Потом мы маршируем дальше. Мы выходим, пробившись через широкий, плотный лесной пояс, на дорогу, где мы собираемся. Там уже толпятся колонны. Широкая дорога переполнена войсками и машинами, которые все стремятся вперед. Мы присоединяемся и маршируем с ними. Прямо у Торенсберга мы узнаем, что Рига пала.

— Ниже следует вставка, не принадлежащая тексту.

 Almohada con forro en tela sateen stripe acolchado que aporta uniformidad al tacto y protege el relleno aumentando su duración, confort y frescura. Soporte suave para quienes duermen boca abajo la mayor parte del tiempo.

По дороге с первого раза прорвались часть фон Медема из Балтийского ополчения, с балтийским ударным отрядом, под командованием лейтенанта барона Ганса фон Мантойффеля, и с немецкой штурмовой батареей, под командованием лейтенанта Альберта Лео Шлагетера. Часть наступала в безумном темпе, не обращая внимания на рассеянные, разорванные кучки большевиков справа и слева от дороги, в быстром движении пронеслась мимо занятых и укрепленных позиций, затоптала баррикады, бросилась напрямик к Риге. Позади отряда снова завязывался бой, но напирающие немецкие батальоны короткими ударами разбивали разваливающуюся структуру красного фронта. Все же балтийцы неслись мимо пораженных толп, неуклонно, неукротимо, громыхали по первым улицам рижского пригорода Торенсберга, ожесточенно, с хрипящими легкими и покрытыми коркой из грязи, пота и крови лицами мчались по городу, продвинулись к мосту, быстро сломили короткое сопротивление быстро повернутыми пушками, заняли плацдарм, выдержали яростную контратаку, отправили через ленивую Дюну (Даугаву) колонну в Ригу, прочно удерживали в своих руках единственный мост. Ударный отряд с неистовой злобой задушил вспыхнувшее сопротивление в Риге, огнем прорубил себе путь по кипящему городу вплоть до цитадели и прибыл, разгоряченный, ревущий, с последней напряженной силой как раз вовремя, чтобы успеть освободить уже втиснутых в расстрельные подвалы заложников. 22 мая 1919 года, в четыре часа вечера, Рига была в немецких руках. Лейтенант фон Мантойффель, балтийский национальный герой, пал от выстрела в голову перед мостом в момент своего наивысшего триумфа.
Об этом мы узнали по дороге. Мы узнали это и еще больше. Потому что в то время как мы кричали друг другу в уши безумные слова радости из-за падения Риги, доходили глухие слухи об ожесточенной борьбе на юго-востоке, у Бауски. Там капитан фон Брандис со своим корпусом должен был выдвинуть вперед правое, неприкрытое крыло немецкого фронта. Но именно там большевики запланировали на этот день свое наступление. У Бауски Красная армия хотела пробиться до дороги Митау – Шаулен, жизненной артерии немецкого фронта. Там красные полки приступили к штурму и ворвались как раз в центр немецкого развертывания. Брандис и его люди лежали у Бауски на свободном, неприкрытом поле, и на эту тонкую линию непрерывно накатывались штурмовые волны Красной армии.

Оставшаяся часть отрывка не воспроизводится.